Xavier Cauqil : « Les zones grises de la transition énergétique européenne »
En France, il est à coque verte, se prénomme « Linky », et hante nos foyers depuis fin 2015, date d’enclenchement de son déploiement systématique, aujourd’hui quasiment accompli. Il prend d’autres couleurs et possède d’autres surnoms mais se généralise aussi chez nos voisins européens suite à la Directive du 13 juillet 2009 établissant « les règles communes pour le marché intérieur de l’électricité » [1]. Ce nouveau venu est un compteur intelligent, un compteur sachant compter, mais en plus de manière intelligente… ce qui mérite quelques éclaircissements.
À la base, le compteur intelligent est un instrument de mesure amélioré au bénéfice premier des énergéticiens. Sa sophistication électronique garantit d’abord une précision accrue dans le comptage et accessoirement écarte toute velléité de l’usager de fausser les mesures par quelque bricolage que ce soit. De plus, sa faculté de communication à distance, de même que la cadence des prises de mesure, permet au gestionnaire d’économiser les relevés physiques accomplis par des agents et d’affiner la vision des besoins en puissance électrique à fournir sur le réseau.

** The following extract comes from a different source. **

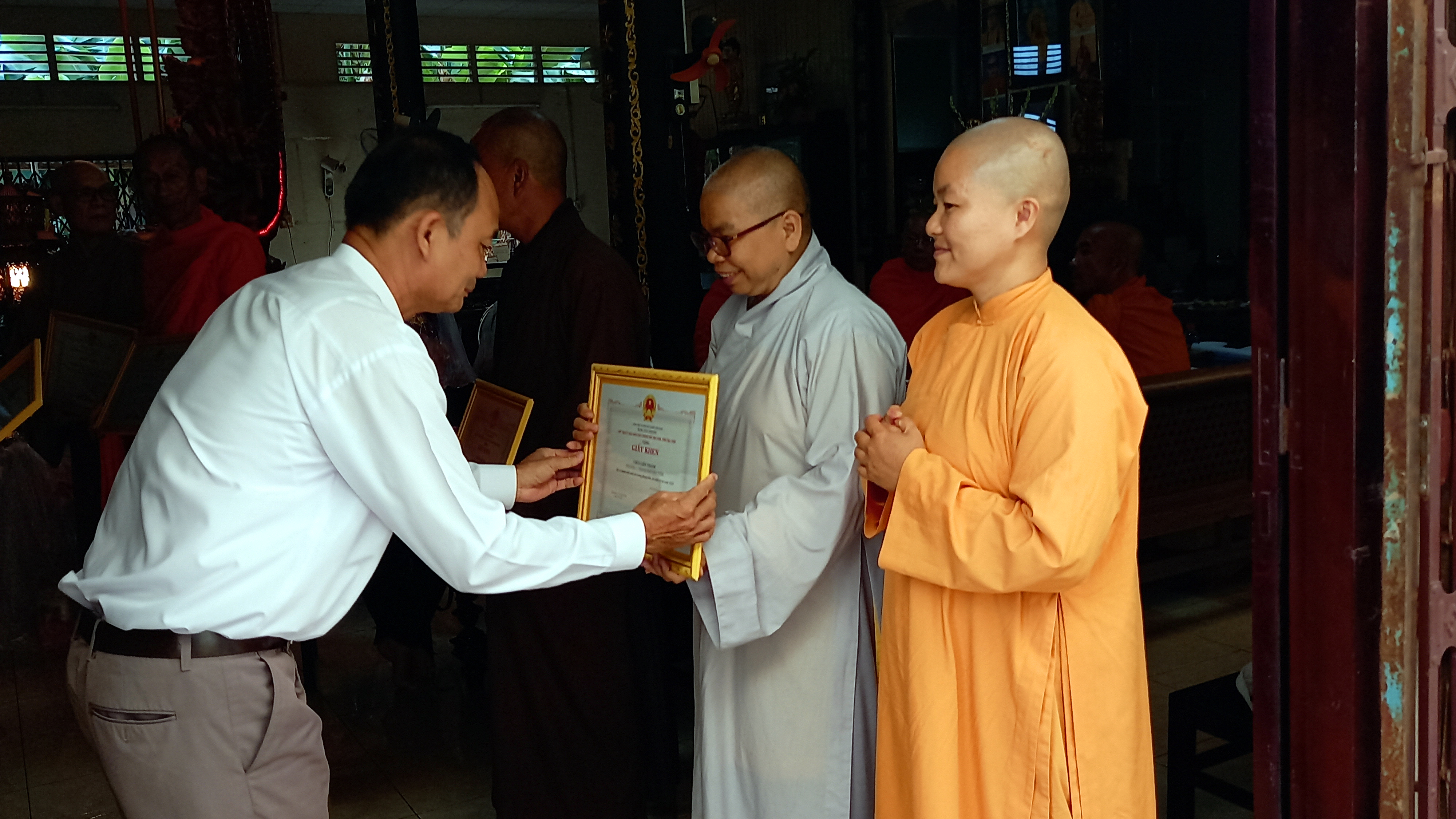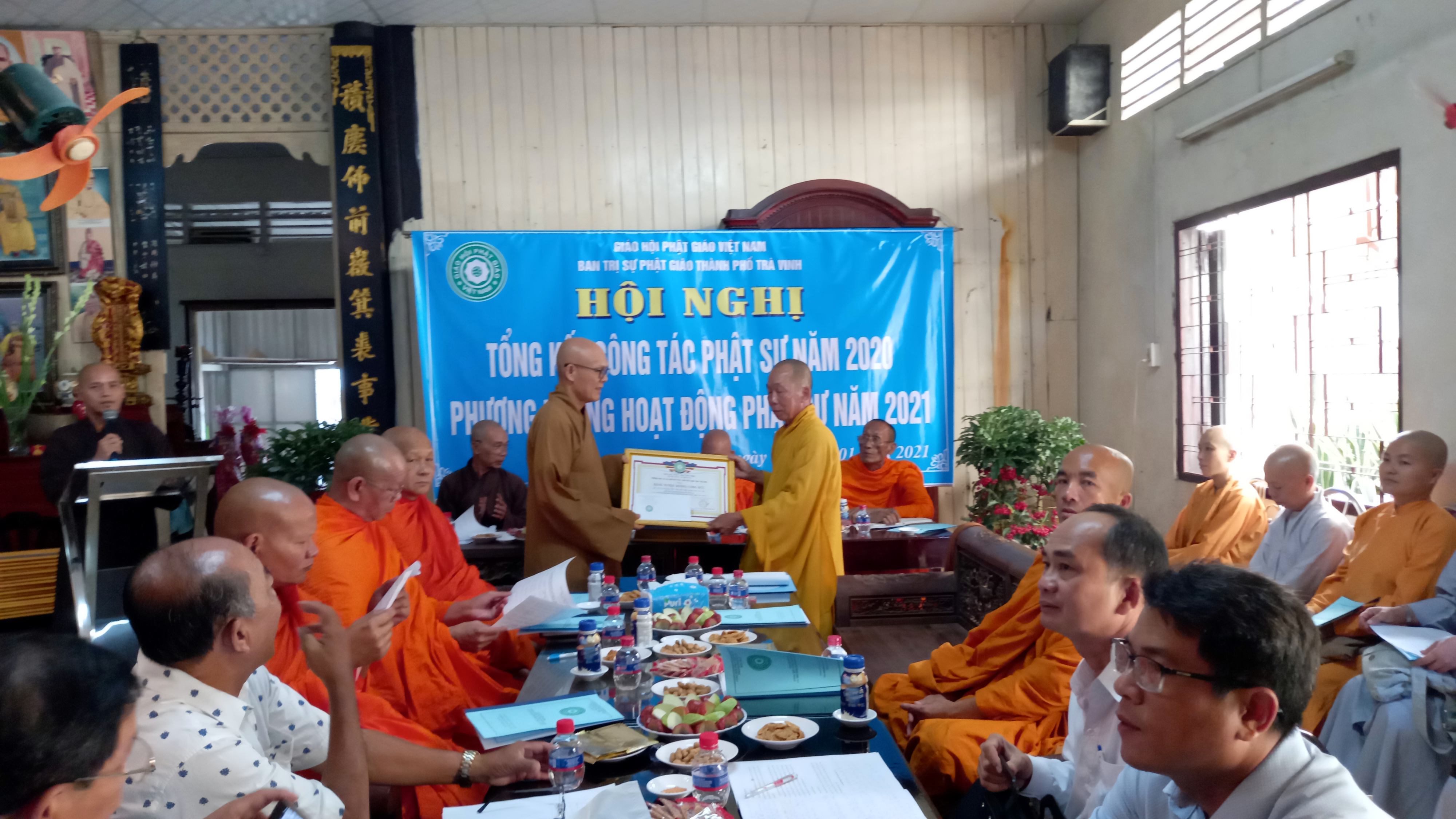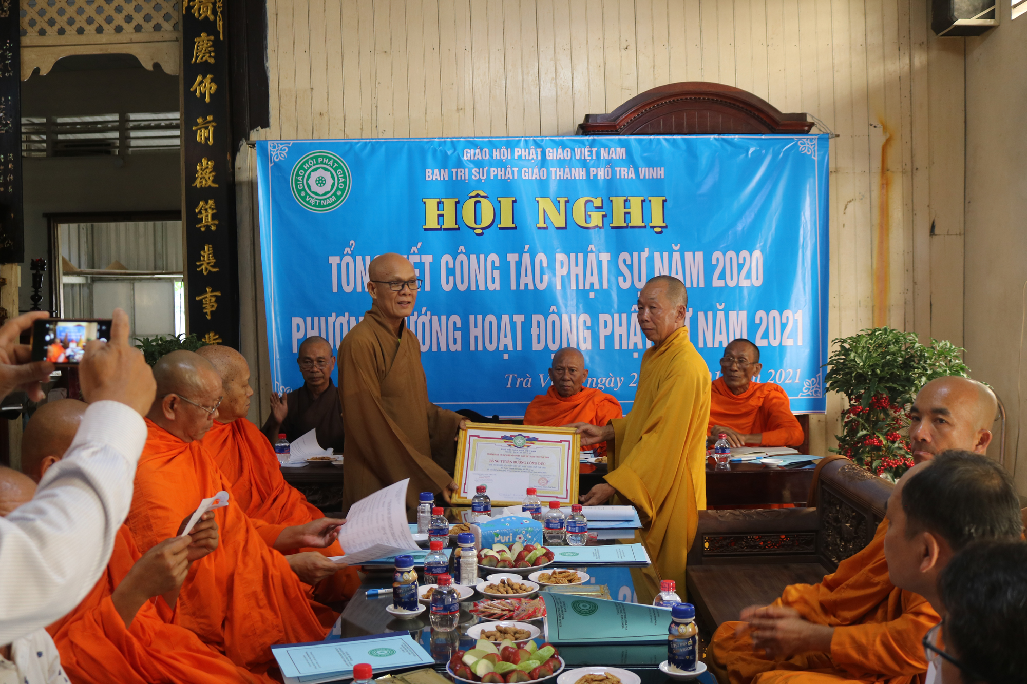 ĐĐ.Thích Minh Hải đã thông qua Quyết định tuyên dương công đức của BTS GHPGVN tỉnh cho các cá nhân và tập thể đã nỗ lực giúp cho Phật giáo tỉnh nhà. Ngoài ra, ông Lâm Tiên cũng tuyên đọc Quyết định khen thưởng của Chủ tịch UBND TP.Trà Vinh đến tập thể và cá nhân chư Tôn đức đã có thành tích xuất sắc trong năm 2020. Ông Quách Văn Tám và ông Kim Sóc đại diện chính quyền trao tặng Bằng khen và tiền mặt đến cá nhân chư Tôn đức.

Enfin, en termes d’abonnements, le changement de gamme de puissance souscrite (et donc potentiellement le « bridage ciblé »), l’enclenchement (à l’ouverture) comme la coupure (à résiliation) se pilotent à distance, sans déplacement de technicien.
Si les choses en restaient là, il serait difficile de comprendre l’emploi du qualificatif « d’intelligent », et plus encore l’intérêt appuyé de l’Union européenne pour un tel appareil et son inscription dans l’ambitieux programme de la « transition énergétique ».
Pour mieux en juger, rappelons quelques dispositions de la Directive de 2009. Linky comme ses homologues sont investis du titre de « systèmes intelligents de mesure » et bénéficient de l’insistance de l’institution auprès des États-membres en vue de leur généralisation. Leur adoption demeure, il est vrai, un choix à la discrétion de chaque État-membre, lequel peut fonder sa décision sur une évaluation coût/avantage préalable. Dans l’hypothèse favorable, l’État s’engage à doter au moins 80 % des clients dans les 7 ans suivant sa décision. Dans le cas contraire, le texte prévoit la réalisation répétée de nouvelles évaluations, au minimum tous les 4 ans. Autant prescrire la décision puisque seul un avis positif peut mettre fin à ce cycle pervers. En outre, si d’aventure cela ne suffisait pas, la Directive crée pour tout client final quelque soit son État de résidence, un « droit de disposer d’un compteur intelligent ».
L’Union se livre à l’évidence à une promotion plus qu’active et fin 2020, l’objectif des 80 % d’équipement des ménages en compteurs électriques intelligents était atteint dans 11 États-membres sur les 27.
L’institution justifie de pareils efforts en mettant en avant son souci du budget des usagers : « les systèmes intelligents de mesure autonomisent les consommateurs car ils leur permettent d’être informés de manière précise et en temps quasi réel sur leur consommation ou production d’énergie, et de mieux gérer leur consommation, de participer aux programmes de participation active de la demande et à d’autres services et d’en retirer les avantages, ainsi que de réduire leurs factures d’électricité » [2]. Chaque particulier appréciera par sa propre expérience les nuances qu’il convient d’apporter à la mention d’une réduction des montants facturés [3]. Certes Linky et ses confrères offrent des possibilités d’accès à différentes tarifications horaires, mais la part d’intelligence à portée de main s’avère plutôt limitée : petit écran vierge, pas d’afficheur déporté, obligation fastidieuse d’accéder aux données via internet. Que ce soit par principe ou pour raison de coûts, le dispositif se révèle plutôt avare de son intelligence à domicile, la réservant au système central.
Sources et notes :
[1] Directive 2009/72/CE, §55 et annexe I, p.91. [2] Directive (UE) 2019/944 du 5/06/2019, §52, p.132. [3] Les Linky révèlent une fâcheuse sensibilité aux puissances instantanées appelées, disjonctant de manière intempestive à l’enclenchement de certains appareils (micro-dépassements). Les clients se voient contraints d’augmenter la classe de puissance sur leur contrat, alourdissant leur facture finale par le renchérissement de leur abonnement indépendamment de leur consommation effective en électricité.